Xia B, Ke H, Inouye M
Department of Biochemistry, UMDNJ-Robert Wood Johnson Medical School, 675 Hoes Lane, Piscataway, NJ 08854, USA.
Mol Microbiol. 2001 Apr;40(1):179-88. doi: 10.1046/j.1365-2958.2001.02372.x.
Escherichia coli contains a large CspA family, CspA to CspI. Here, we demonstrate that E. coli is highly protected against cold-shock stress, as these CspA homologues existed at approximately a total of two million molecules per cell at low temperature and growth defect was not observed until four csp genes (cspA, cspB, cspE and cspG) were deleted. The quadruple-deletion strain acquired cold sensitivity and formed filamentous cells at 15 degrees C although chromosomes were normally segregated. The cold-sensitivity and filamentation phenotypes were suppressed by all members of the CspA family except for CspD, which causes lethality upon overexpression. Interestingly, the cold sensitivity of the mutant was also suppressed by the S1 domain of polynucleotide phosphorylase (PNPase), which also folds into a beta-barrel structure similar to that of CspA. The present results show that cold-shock proteins and S1 domains share not only the tertiary structural similarity but also common functional properties, suggesting that these seemingly distinct protein categories may have evolved from a common primordial RNA-binding protein.

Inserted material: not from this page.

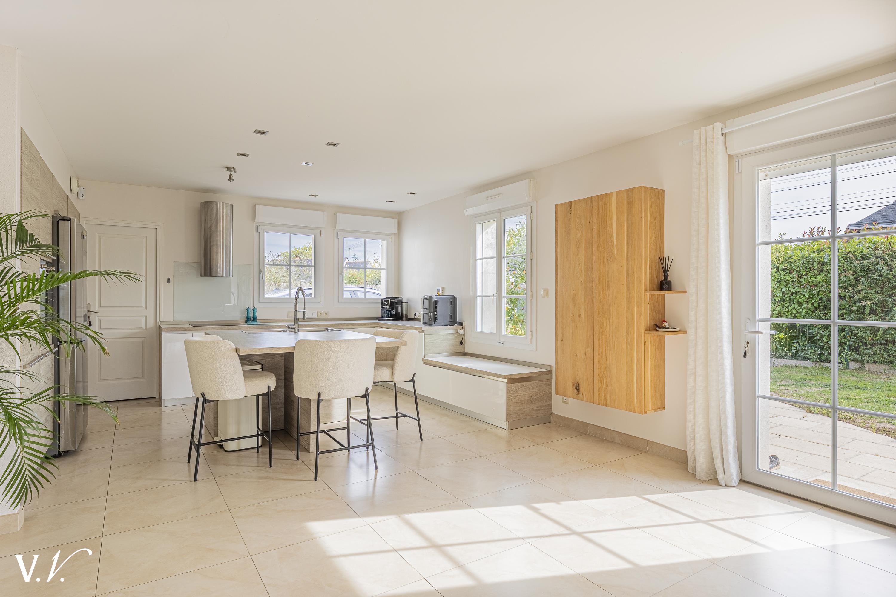 738 500 € HAI Ref 6-267 Nous contacter1km du bourg de BALLAN, 10mn de TOURS Cette maison parfaitement entretenue offre un cadre de vie agréable et haut de gamme, à proximité de toutes commodités. Elle se compose d’une spacieuse pièce de vie, lumineuse de 90m², incluant une vaste cuisine aménagée et équipée de qualité, idéale pour les moments partagés. Une vie de plain pied confortable est possible grâce à la suite parentale en RDC. A l'étage : 4 belles chambres, une salle de bains et une immense mezzanine. Grand garage pour un véhicule et du rangement, joli jardin arboré, agrémenté d'une terrasse avec pergola et piscine. Aucun travaux à prévoir, vous pouvez poser vos valises immédiatement.

大肠杆菌含有一个庞大的CspA家族,从CspA到CspI。在此,我们证明大肠杆菌对冷休克胁迫具有高度抗性,因为这些CspA同源物在低温下每个细胞中大约总共存在两百万个分子,并且直到四个csp基因(cspA、cspB、cspE和cspG)被缺失才观察到生长缺陷。四缺失菌株获得了冷敏感性,并且在15摄氏度时形成丝状细胞,尽管染色体正常分离。除了CspD(过表达时会导致致死性)之外,CspA家族的所有成员都抑制了冷敏感性和丝状化表型。有趣的是,多核苷酸磷酸化酶(PNPase)的S1结构域也抑制了突变体的冷敏感性,该结构域也折叠成与CspA类似的β桶结构。目前的结果表明,冷休克蛋白和S1结构域不仅具有三级结构相似性,而且具有共同的功能特性,这表明这些看似不同的蛋白质类别可能是从一个共同的原始RNA结合蛋白进化而来的。